*Problem description:*
Starting at the line below holding "Скраб для тела" and stopping at the line holding "热风【商场同款】女鞋可爱草莓棉拖鞋女2025年冬季新款加绒居家包头拖 03米色 40-41", print every line exactly, both ends included, and leave the rest out.
[Data to examine — start]
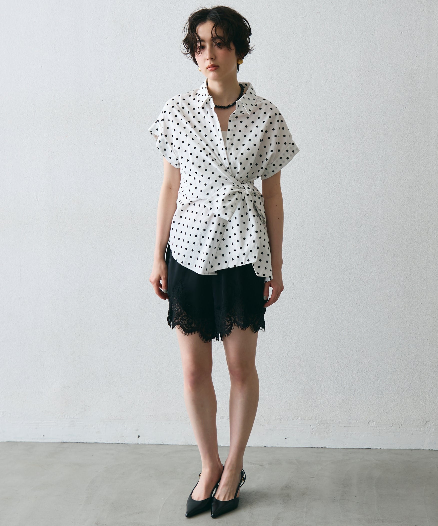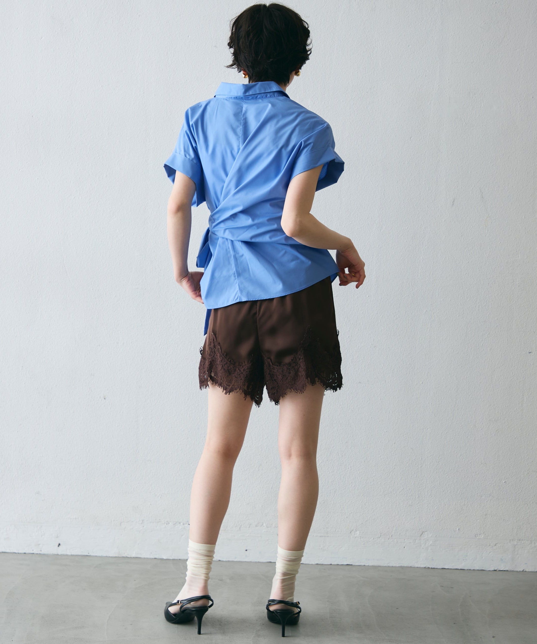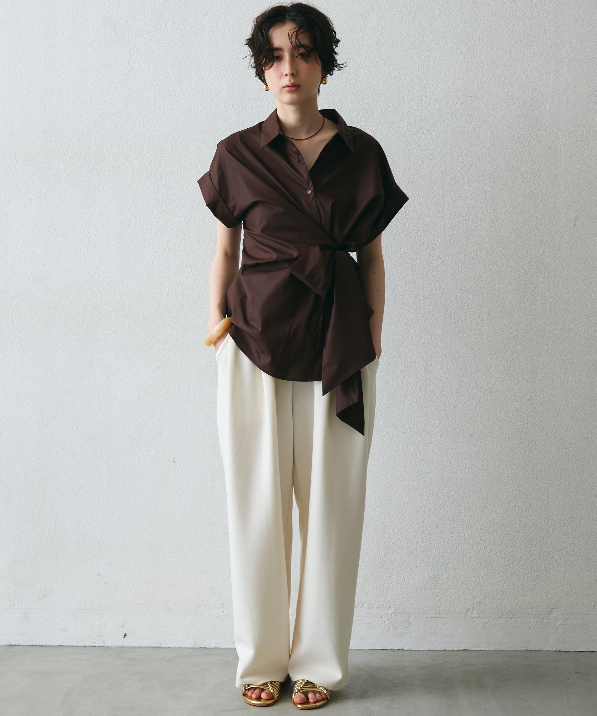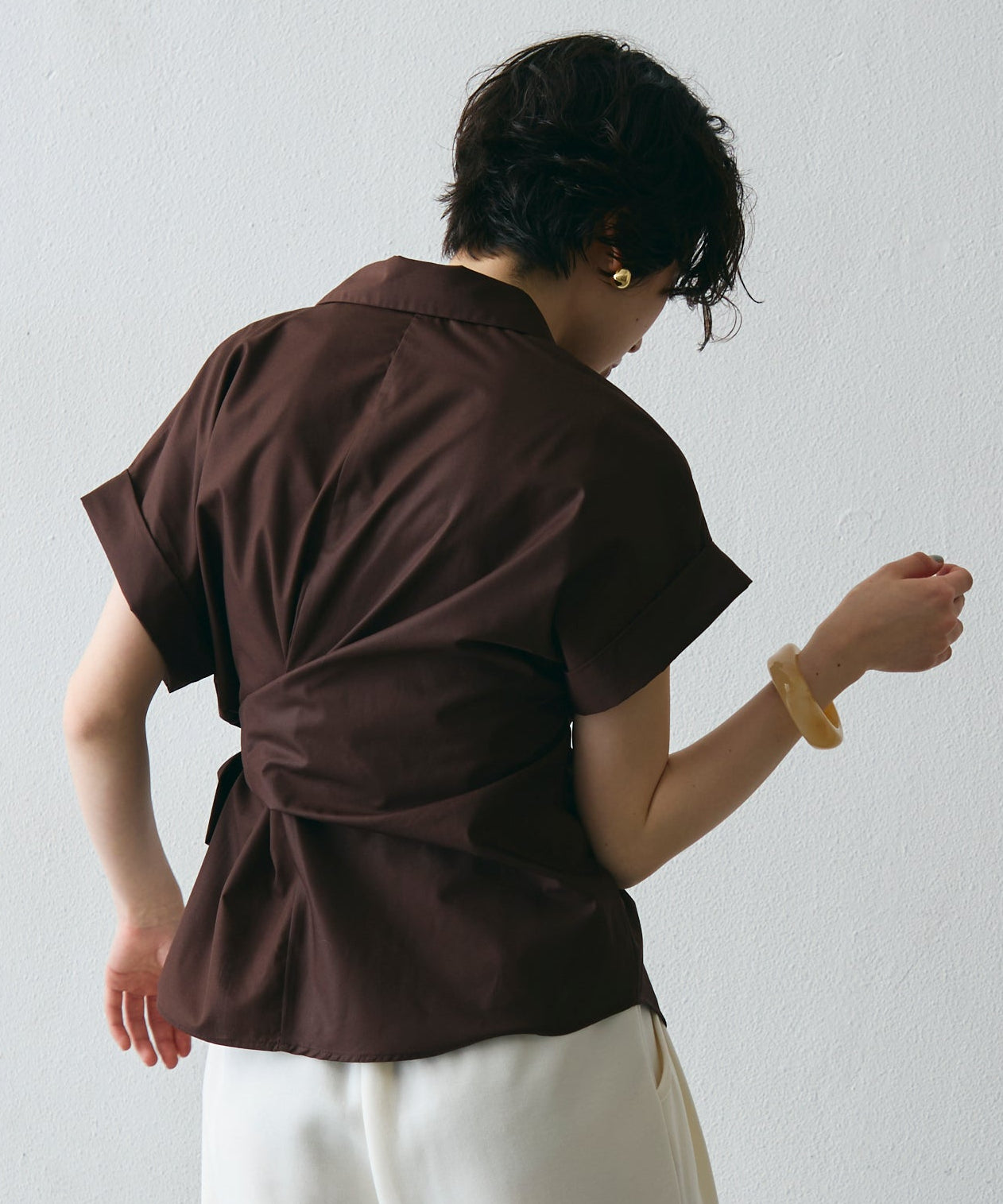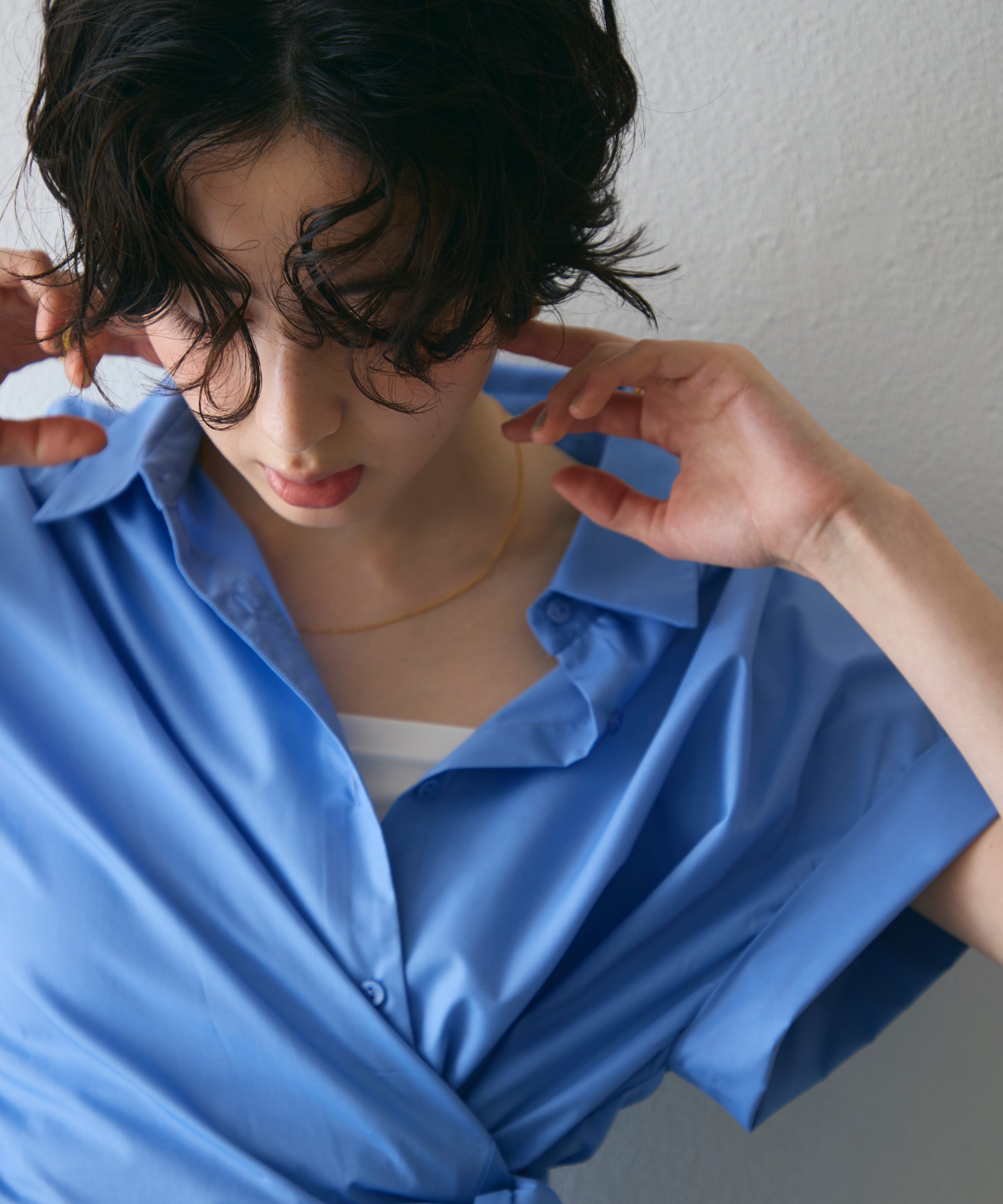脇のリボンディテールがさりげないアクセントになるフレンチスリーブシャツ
[Data to examine — finish]
[Data to examine — start]
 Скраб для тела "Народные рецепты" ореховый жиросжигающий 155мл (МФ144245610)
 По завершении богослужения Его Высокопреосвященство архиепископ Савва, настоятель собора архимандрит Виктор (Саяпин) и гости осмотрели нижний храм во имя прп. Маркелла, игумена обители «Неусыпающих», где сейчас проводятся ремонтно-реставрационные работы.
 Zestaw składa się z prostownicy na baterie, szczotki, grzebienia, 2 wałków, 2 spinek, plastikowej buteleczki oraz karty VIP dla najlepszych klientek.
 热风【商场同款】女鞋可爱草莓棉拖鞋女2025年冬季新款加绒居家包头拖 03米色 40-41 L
[Data to examine — finish]
*Answer:*
 Скраб для тела "Народные рецепты" ореховый жиросжигающий 155мл (МФ144245610)
 По завершении богослужения Его Высокопреосвященство архиепископ Савва, настоятель собора архимандрит Виктор (Саяпин) и гости осмотрели нижний храм во имя прп. Маркелла, игумена обители «Неусыпающих», где сейчас проводятся ремонтно-реставрационные работы.
 Zestaw składa się z prostownicy na baterie, szczotki, grzebienia, 2 wałków, 2 spinek, plastikowej buteleczki oraz karty VIP dla najlepszych klientek.
 热风【商场同款】女鞋可爱草莓棉拖鞋女2025年冬季新款加绒居家包头拖 03米色 40-41 L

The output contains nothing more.